Analyze the Real-Time Behavior of All Cores Concurrently

Sometimes traditional Stop-Mode-Debugging may be not sufficient. Program flow data provided by our Trace extensions shows you exactly which instructions have been executed and how long it took to execute them, without interfering with the application being tested. This is useful e.g. to locate hard-to-find bugs that only occur at run-time, to ensure that your application meets all timing requirements, or to create code coverage reports for certification.

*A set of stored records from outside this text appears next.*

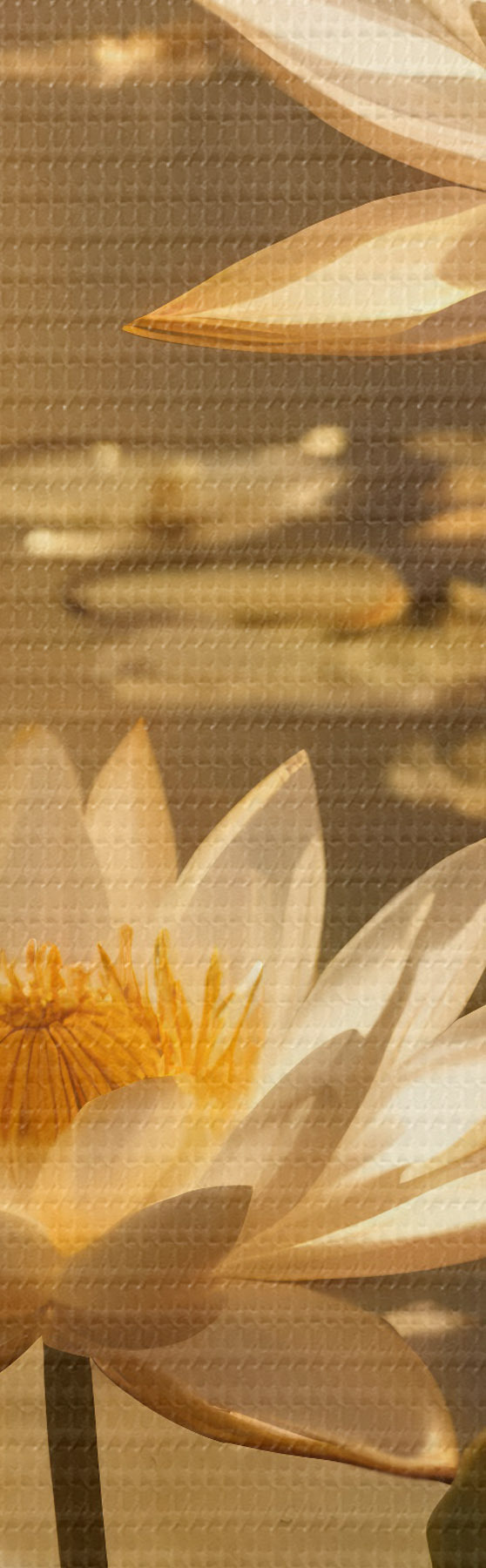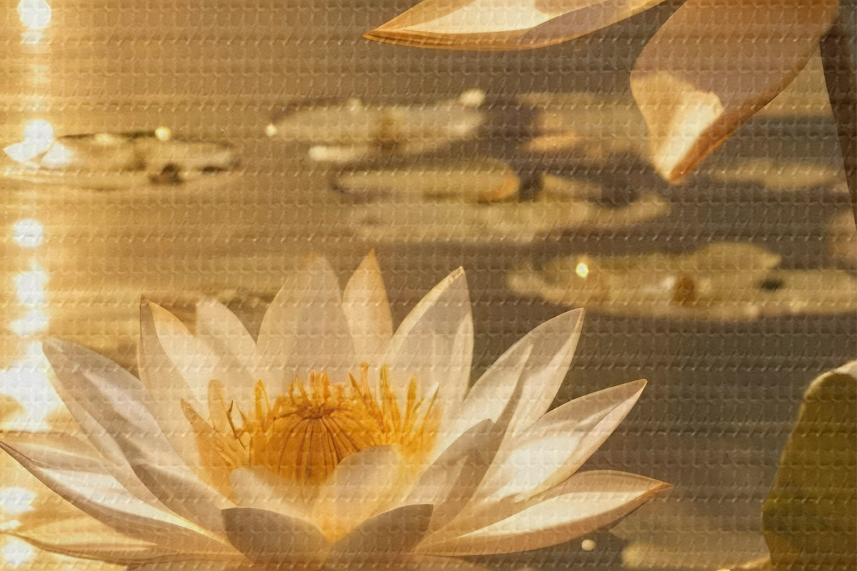 Foto Flores de loto blancas flotando en un estanque en calma con el sol, creando un ambiente sereno y tranquilo Nr r42239
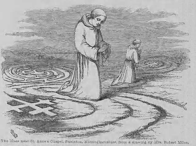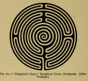 Another possibility is that they were for games or races. There’s a reference  from as early as 1353, for example, for the “treading” of a “Shepherd Ring” near Boughton Green, Northamptonshire, during the annual June Fair, while there was another “Shepherd’s Race” just outside Nottingham.    These were both turf mazes that local legend suggests were cut by shepherds as a sort of exercise ground, but sadly both are now gone.
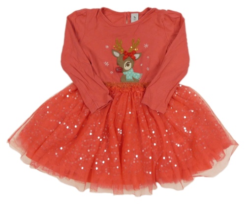 Jahodové šaty se sobem a sukní z flitrů Tu
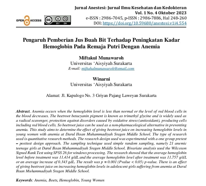 Pengaruh Pemberian Jus Buah Bit Terhadap Peningkatan Kadar Hemoglobin Pada Remaja Putri Dengan Anemi..
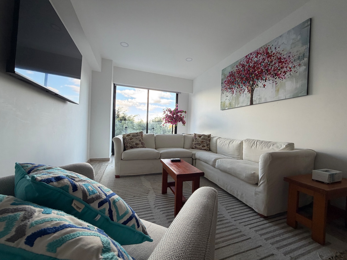 Apartamento ubicado en piso 15 dentro de exclusivo complejo al sur de la CDMX Ubicación estratégica, será fácil planear tu visita y disfrutar de sus amenidades: alberca, cine,cafetería, asadores, carriles de nado, salón inglés, gimnasio, minisuper, boliche, asadores, lavandería, golfito, cancha de futbol,sky cinema,restaurante, ludoteca, teen lounge etc. Cerca de Coyoacán, plazas comerciales Y supermercados. Llegarás fácilmente a colonia Roma, Condesa y Centro Capacidad de 2 a 6 personas .
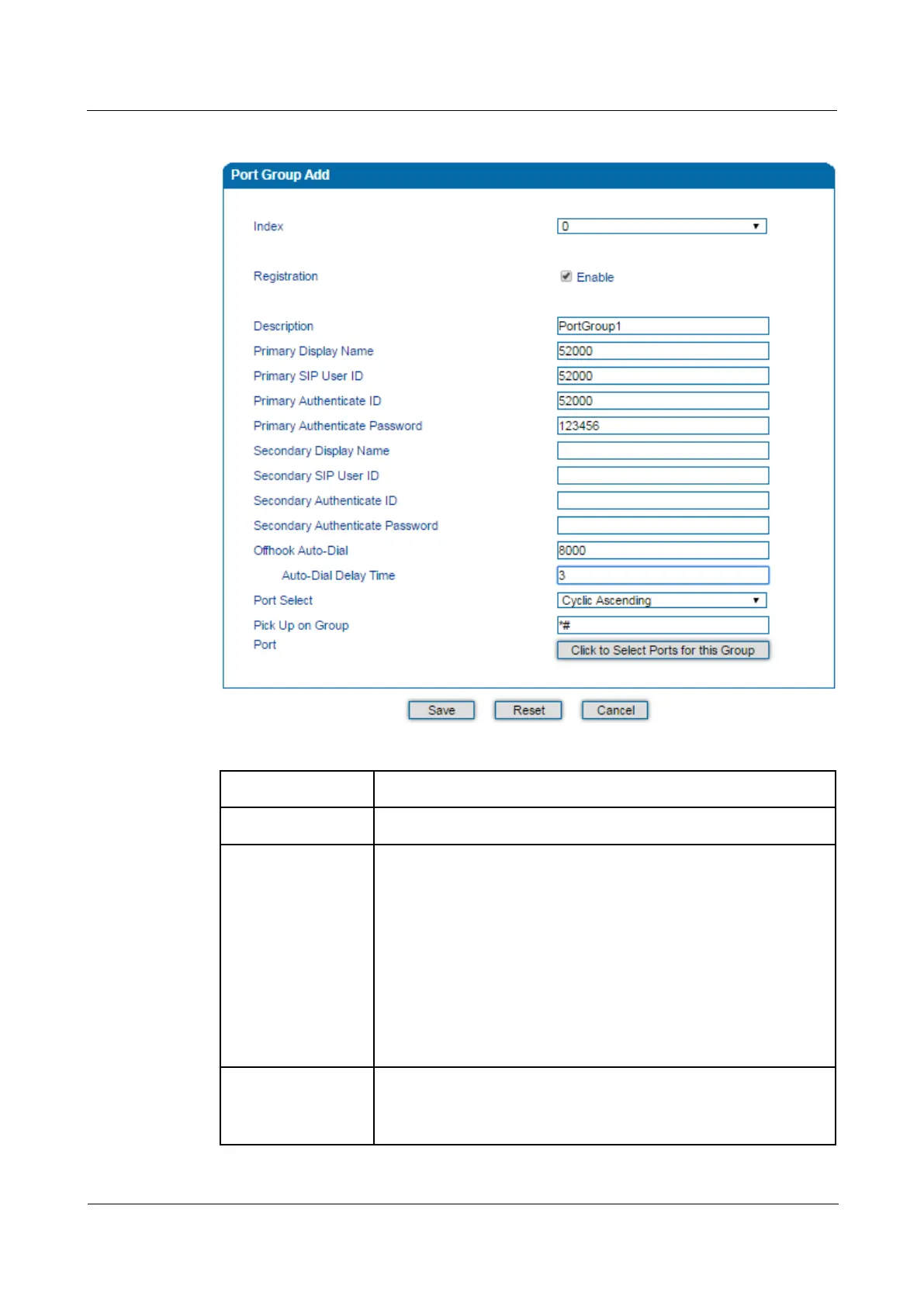 Table 4-11 Parameter Explanation of Port Group
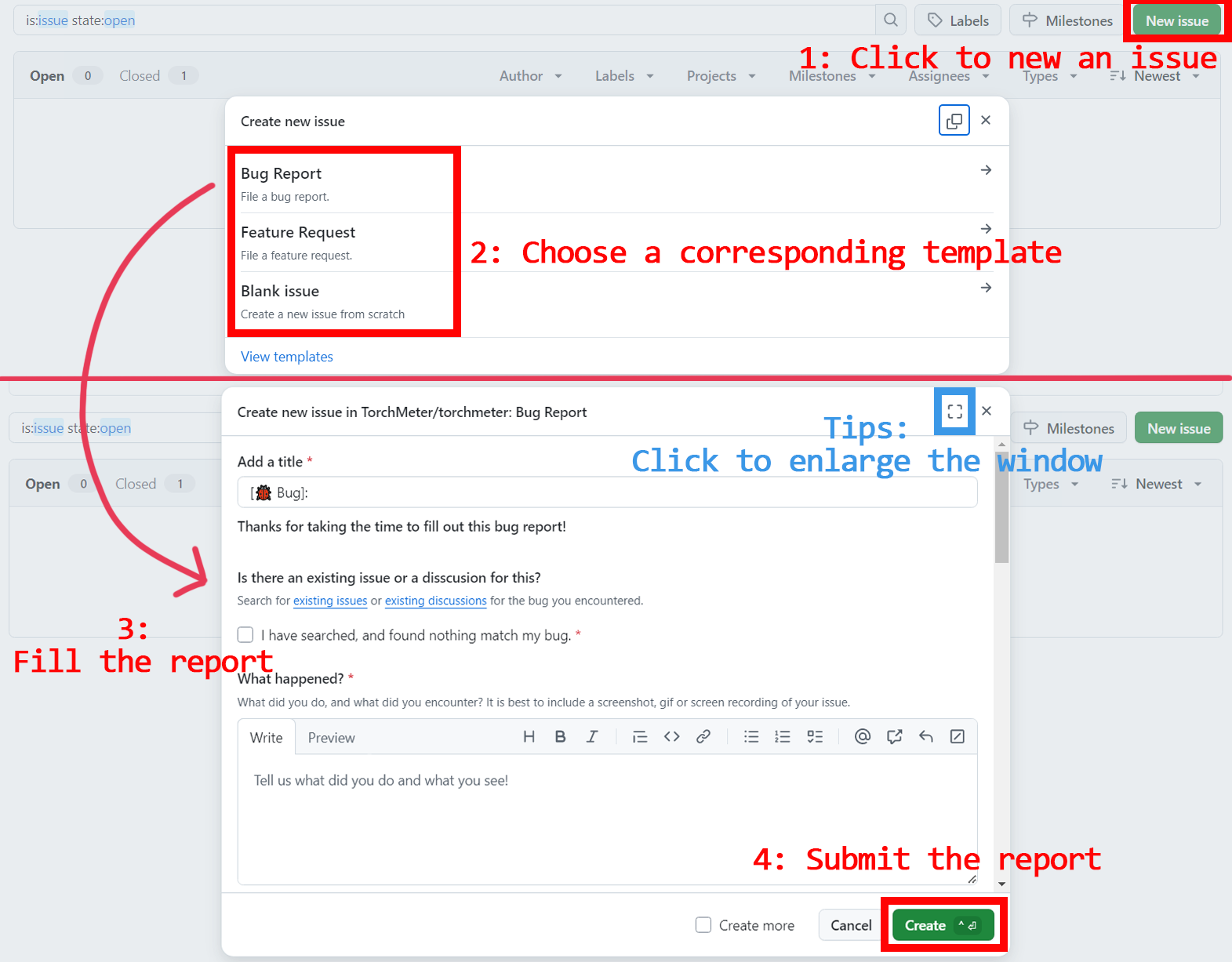 Issuestab and clickNew issue. - Select the template matching your scenario (bug report, feature request, etc.).
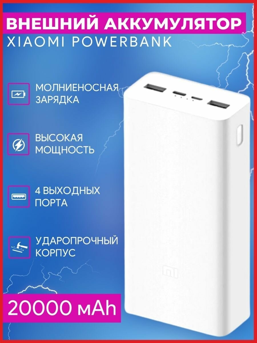 Портативный аккумулятор Xiaomi Power Bank 3 22.5W 20000 mah (PB2022ZM), Цвет: белый
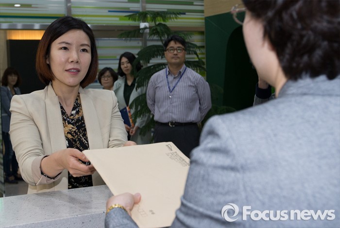 (세종=포커스뉴스) 임선아(왼쪽) 한국조선해양플랜트협회 과장이 13일 오전 세종시 정부세종청사 고용노동부 민원실에서 이현옥 지역산업고용정책과장에게 특별고용지원업종 신청서를 제출하고 있다.

With our trace tools, you can capture real-time traces on any multicore SoC that provides a trace interface or on-chip buffer. It doesn't matter what type of multi-core system you are using: Symmetric Multiprocessing (SMP), Asymmetric Multiprocessing (AMP), Integrated Asymmetric Multiprocessing (iAMP), or any kind of mix. Modern multi-core SoC merge the trace data from all cores, so you only need a single trace probe to capture the off-chip trace of all cores all together.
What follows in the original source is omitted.